Isn't 30 still better than 1? :-) (We actually got the number up to 61
one night in an early field test, but that was in an isolated sector
without any interference from neighboring sectors).

>that, each user's transmit power is rigidly controlled by the network,
>such that each of the 30 users has the same signal strength at the
>cell site.  The capacity (max. number of simultaneous users) goes way

Correct. This power control scheme was Qualcomm's major innovation,
and it is indeed the best way to build a CDMA cellular network when
you control the whole system design.

But it's not the only way. There are iterative decoding schemes for
CDMA where you first demodulate the strongest signal, then re-modulate
it and subtract it from the total received signal. Then you look for
the 2nd strongest signal, subtract that off and repeat until there's
nothing left.

We don't do this because it doesn't buy much when you already have
tight power control. But it does buy you a lot when the signals are
imbalanced. Just not as much as really good power control, that's all.

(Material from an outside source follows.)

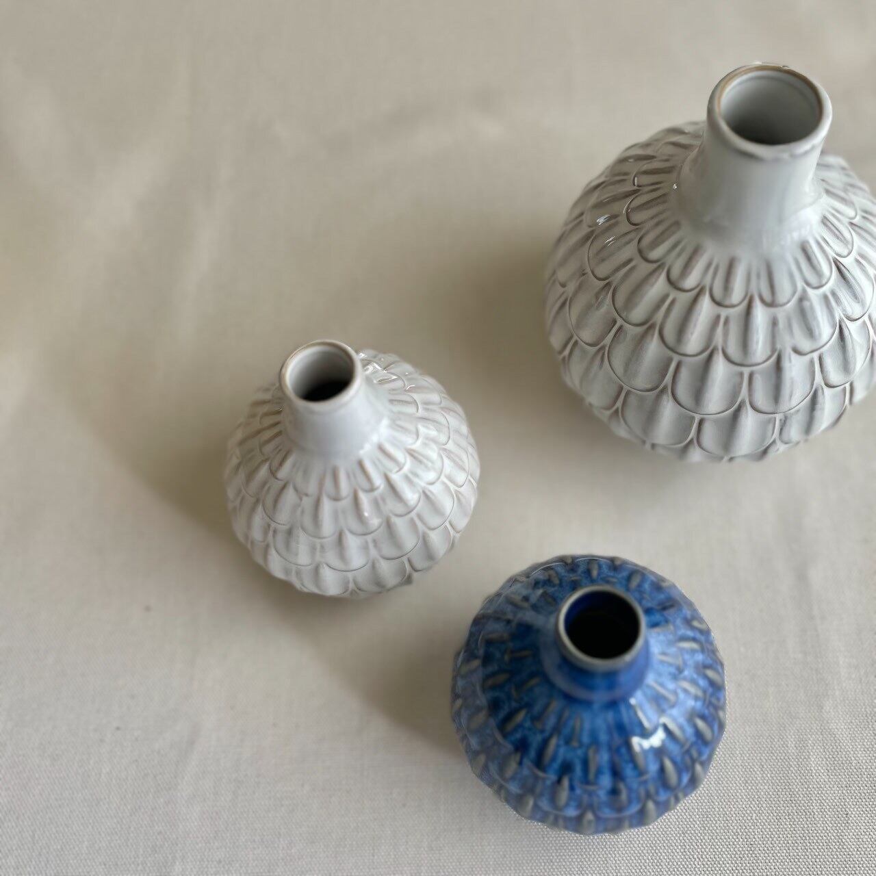 【 再入荷 】Osvaldo First フラワーベース S|レトロ 花瓶 丸型 鳥の羽 ホワイト・ブルー アンティーク調

>down without such rigid power control.  It is theoretically possible
>to implement if everybody got new radios purpose-built for this
>digital mode, but I doubt that any kind of power control scheme will
>ever be used in DX pileups.  DX pileups can have hundreds or even
>thousands of users calling at the same time.

Who says we have to rely totally on the interference resistance of the
modulation method?  None of our existing modes can withstand
co-channel interference that even approaches the strength of the
desired signal, much less exceed it as spread spectrum can. Some of
our modes, such as FM on the shuttle, are about the worst choices
possible for pileup conditions.

We could combine spread spectrum with a traditional contention
resolution method, such as polling by address (callsign) groups, to
reduce the number of simultaneous transmitters to a manageable
number. With ordinary modulation, that number must be exactly 1, not
counting those too weak to matter. With spread spectrum, it can
be something else.

Nothing says everybody has to get through on the very first try; we
certainly don't do that now! The DX stations could still do what
they've always done, which is to work the strongest stations first and
get them out of the way so the weaker guys can have their chance.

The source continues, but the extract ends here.